═══ Given material

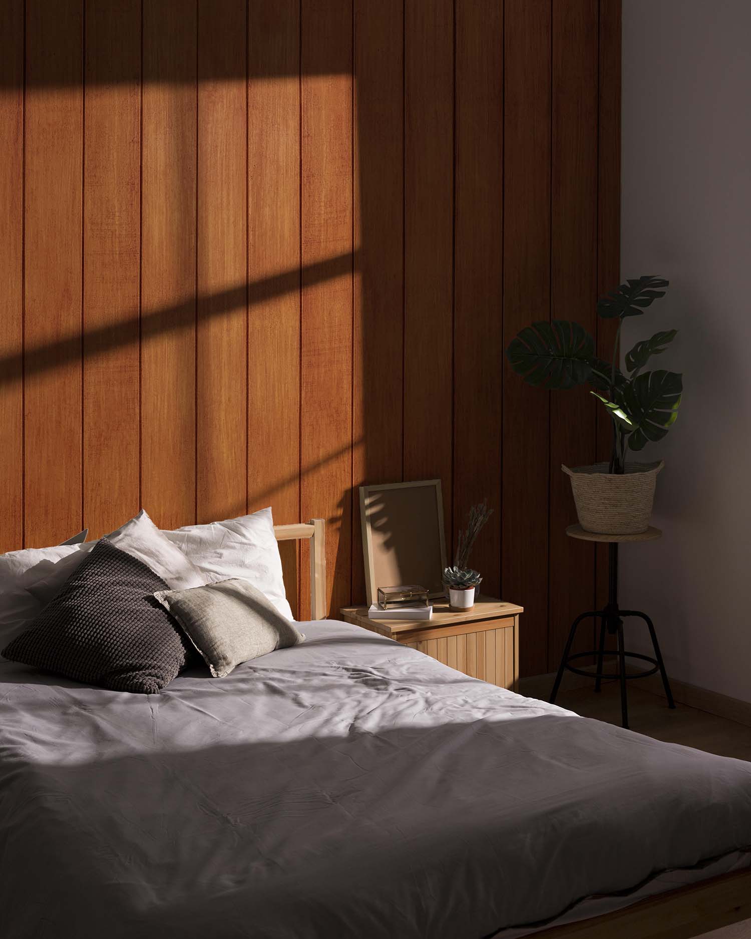 U ontvangt een staal van 15 × 20 cm op Variovlies behang, met dezelfde print en structuur als het uiteindelijke product. Zo kunt u thuis rustig beoordelen of het ontwerp goed past.
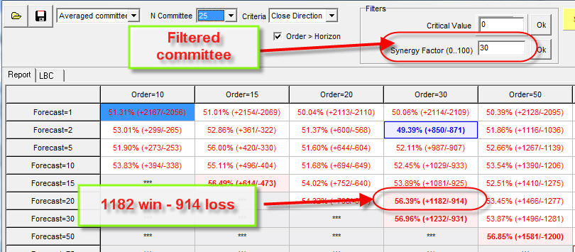 In this particular case the averaged committee filtered line shows the correct movement for 20 bars ahead (i.e. one month) with the probability 56.39%.
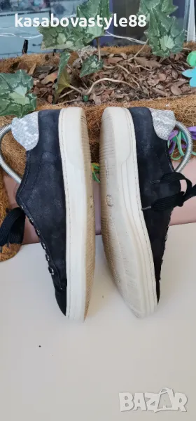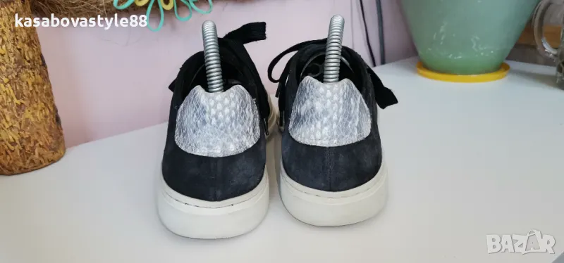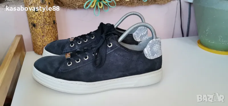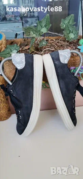 Обувките са в много добро състояние, без забележки. Изработени са от естествен велур в син цвят и елементи от кожа отзад на петата в змийски принт. Вътрешната част е от кожа и мека комфортна текстилна стелка. Тези обувки са много надеждни и устойчиви при носене. Отговарят на 38.5н.Дължина на стелка 25см.Отзад са високи 9см.Ходило 2см.
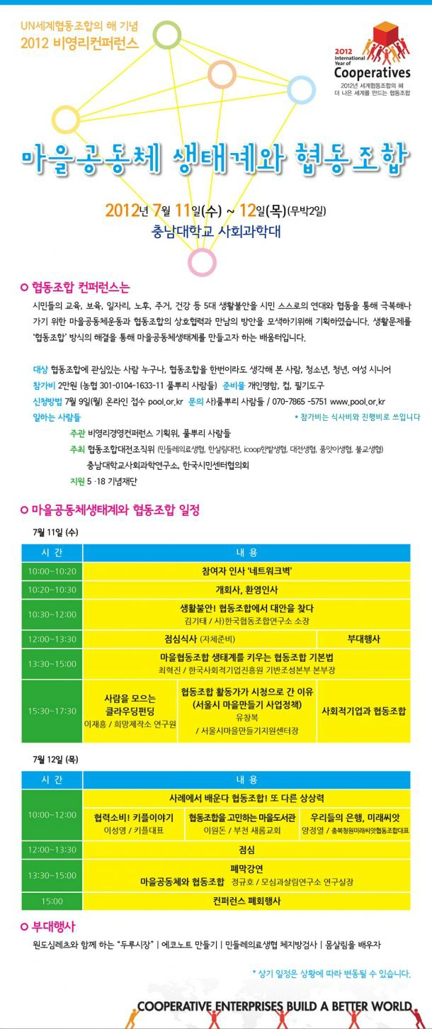| 제목 | 2012 비영리컨퍼런스'마을공동체 생태계와 협동조합' 개최안내 및 신청접수 |

══════

Across all the lines above, repeat the wording exactly and omit the pictures.

• Your response:
 U ontvangt een staal van 15 × 20 cm op Variovlies behang, met dezelfde print en structuur als het uiteindelijke product. Zo kunt u thuis rustig beoordelen of het ontwerp goed past.
 In this particular case the averaged committee filtered line shows the correct movement for 20 bars ahead (i.e. one month) with the probability 56.39%.
 Обувките са в много добро състояние, без забележки. Изработени са от естествен велур в син цвят и елементи от кожа отзад на петата в змийски принт. Вътрешната част е от кожа и мека комфортна текстилна стелка. Тези обувки са много надеждни и устойчиви при носене. Отговарят на 38.5н.Дължина на стелка 25см.Отзад са високи 9см.Ходило 2см.
| 제목 | 2012 비영리컨퍼런스'마을공동체 생태계와 협동조합' 개최안내 및 신청접수 |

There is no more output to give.